This is End-to-End example how to search a subnet from ofa/resnet50 design space with constraint of Ops, then quantizing/compiling it with target device of ZCU102 board. 

## build ofa resnet50 design space

In [1]:
from ofa.model_zoo import ofa_net
ofa_network = ofa_net('ofa_resnet50', pretrained=True)

##  build accuracy predictor

In [2]:
import torch
from ofa.nas.accuracy_predictor import ResNetArchEncoder
from ofa.nas.accuracy_predictor import AccuracyPredictor 
from ofa.utils import download_url

image_size_list = [128, 144, 160, 176, 192, 224, 240, 256]
arch_encoder = ResNetArchEncoder(
	image_size_list=image_size_list, depth_list=ofa_network.depth_list, expand_list=ofa_network.expand_ratio_list,
    width_mult_list=ofa_network.width_mult_list, base_depth_list=ofa_network.BASE_DEPTH_LIST)

#ofa/utils/common_tools.py
acc_predictor_checkpoint_path = download_url(
    'https://hanlab.mit.edu/files/OnceForAll/tutorial/ofa_resnet50_acc_predictor.pth',
    model_dir='~/.ofa/',
)


device = 'cuda:0' if torch.cuda.is_available() else 'cpu'
acc_predictor = AccuracyPredictor(arch_encoder, 400, 3,
                                  checkpoint_path=acc_predictor_checkpoint_path, device=device)

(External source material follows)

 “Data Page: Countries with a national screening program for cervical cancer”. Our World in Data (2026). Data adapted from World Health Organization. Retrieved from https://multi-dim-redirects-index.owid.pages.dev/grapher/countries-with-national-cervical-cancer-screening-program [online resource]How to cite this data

print('The accuracy predictor is ready!')
print(acc_predictor)

Loaded checkpoint from /home/vitis-ai-user/.ofa/ofa_resnet50_acc_predictor.pth
The accuracy predictor is ready!
AccuracyPredictor(
  (layers): Sequential(
    (0): Sequential(
      (0): Linear(in_features=82, out_features=400, bias=True)
      (1): ReLU(inplace=True)
    )
    (1): Sequential(
      (0): Linear(in_features=400, out_features=400, bias=True)
      (1): ReLU(inplace=True)
    )
    (2): Sequential(
      (0): Linear(in_features=400, out_features=400, bias=True)
      (1): ReLU(inplace=True)
    )
    (3): Linear(in_features=400, out_features=1, bias=False)
  )
)


## build efficiency predictor

In [3]:
from ofa.nas.efficiency_predictor import ResNet50FLOPsModel

efficiency_predictor = ResNet50FLOPsModel(ofa_network)

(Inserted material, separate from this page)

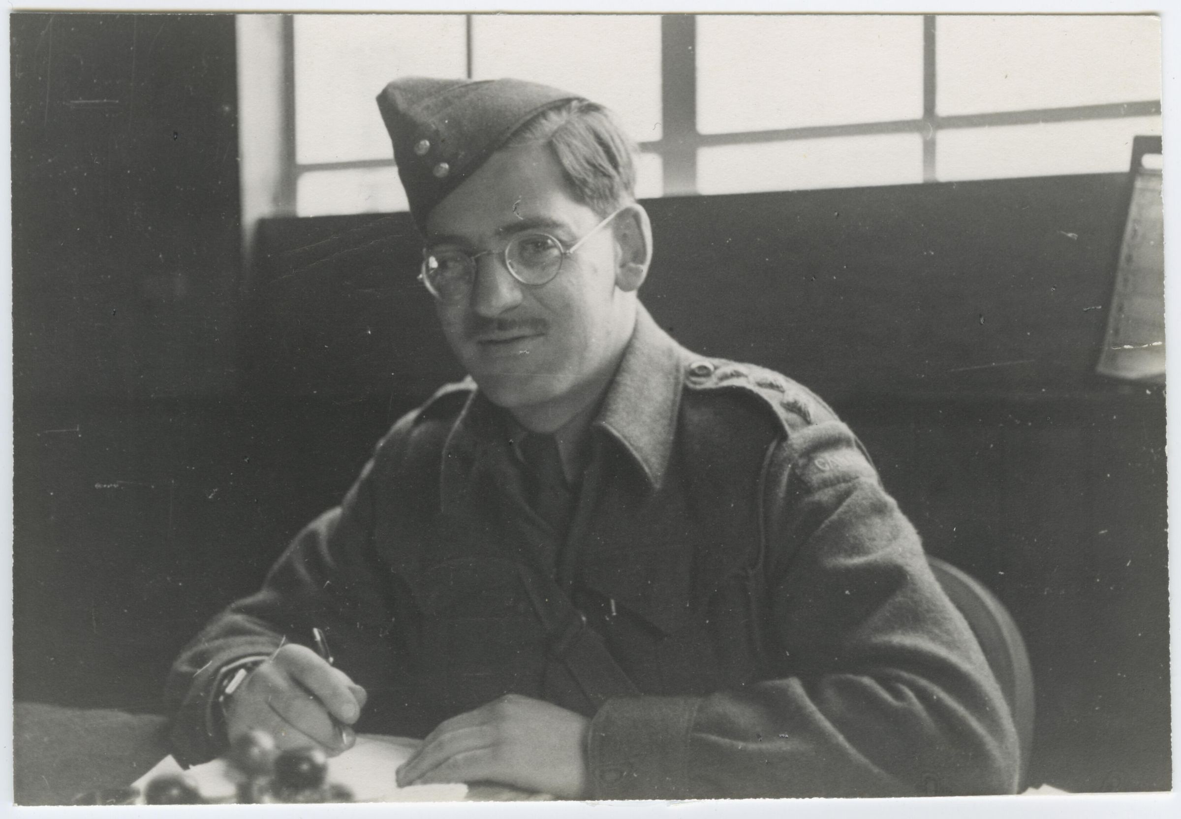 A black and white photo of Captain John L. Blue, the Quartermaster (Supply Officer) of the 1st Battalion, The Royal Montreal Regiment. He is wearing a battledress uniform and a wedge cap.Photograph Details

print(efficiency_predictor)

<ofa.nas.efficiency_predictor.ResNet50FLOPsModel object at 0x7fa50867ccc0>


## build evolution finder

In [4]:
import argparse
parser = argparse.ArgumentParser()

args = parser.parse_args(args=[])
args.arch_mutate_prob = 0.1 
args.resolution_mutate_prob = 0.5 
args.population_size = 100 
args.max_time_budget = 50 
args.parent_ratio = 0.25 
args.mutation_ratio = 0.5 

from ofa.nas.search_algorithm import EvolutionFinder

evolution_finder = EvolutionFinder(efficiency_predictor, acc_predictor, **args.__dict__)

## search best subnet

In [11]:
# get best subnet with constraint(Mflops)
# constraint : Mega flops
_, best_info = evolution_finder.run_evolution_search(constraint=2000, verbose=True)
print(best_info)
predicted_acc, arch_dict, efficiency = best_info

Searching with constraint (2000):   0%|          | 0/50 [00:00<?, ?it/s, acc=0.816]

Generate random population...
Start Evolution...


Searching with constraint (2000): 100%|██████████| 50/50 [00:08<00:00,  5.79it/s, acc=0.822]

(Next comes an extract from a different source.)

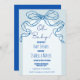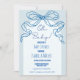 Whimsical Retro Blue Hand Drawn Bow Baby Shower Invitation

(0.8222154974937439, {'d': [2, 1, 2, 1, 2], 'e': [0.25, 0.25, 0.25, 0.2, 0.25, 0.25, 0.25, 0.2, 0.2, 0.2, 0.25, 0.35, 0.2, 0.35, 0.25, 0.35, 0.2, 0.2], 'w': [0, 2, 0, 0, 1, 2], 'image_size': 192}, 1998.431744)





## save net_config for the subnet

In [6]:
import pickle

with open('./models/net_config_resnet50_fp2000.pickle', 'wb') as handle:
    pickle.dump(arch_dict, handle, protocol=pickle.HIGHEST_PROTOCOL)
    

## upload the saved subnet (when you need to load the saved model)

In [5]:

import pickle

with open('./models/net_config_resnet50_fp2000.pickle', 'rb') as handle:
    arch_dict = pickle.load(handle)

## extract subnet's weight

In [11]:

ofa_network.set_active_subnet(**arch_dict)
subnet = ofa_network.get_active_subnet(preserve_weight=True)  

from ofa.imagenet_classification.run_manager import ImagenetRunConfig
from ofa.imagenet_classification.run_manager import RunManager

run_config = ImagenetRunConfig(test_batch_size=200, n_worker=4, image_size=image_size_list, valid_size=1000)
run_manager = RunManager('.tmp/eval_subnet', subnet, run_config, init=False)

run_manager.run_config.data_provider.assign_active_img_size(arch_dict['image_size'])
run_manager.reset_running_statistics(subnet, subset_size=1000, subset_batch_size=250)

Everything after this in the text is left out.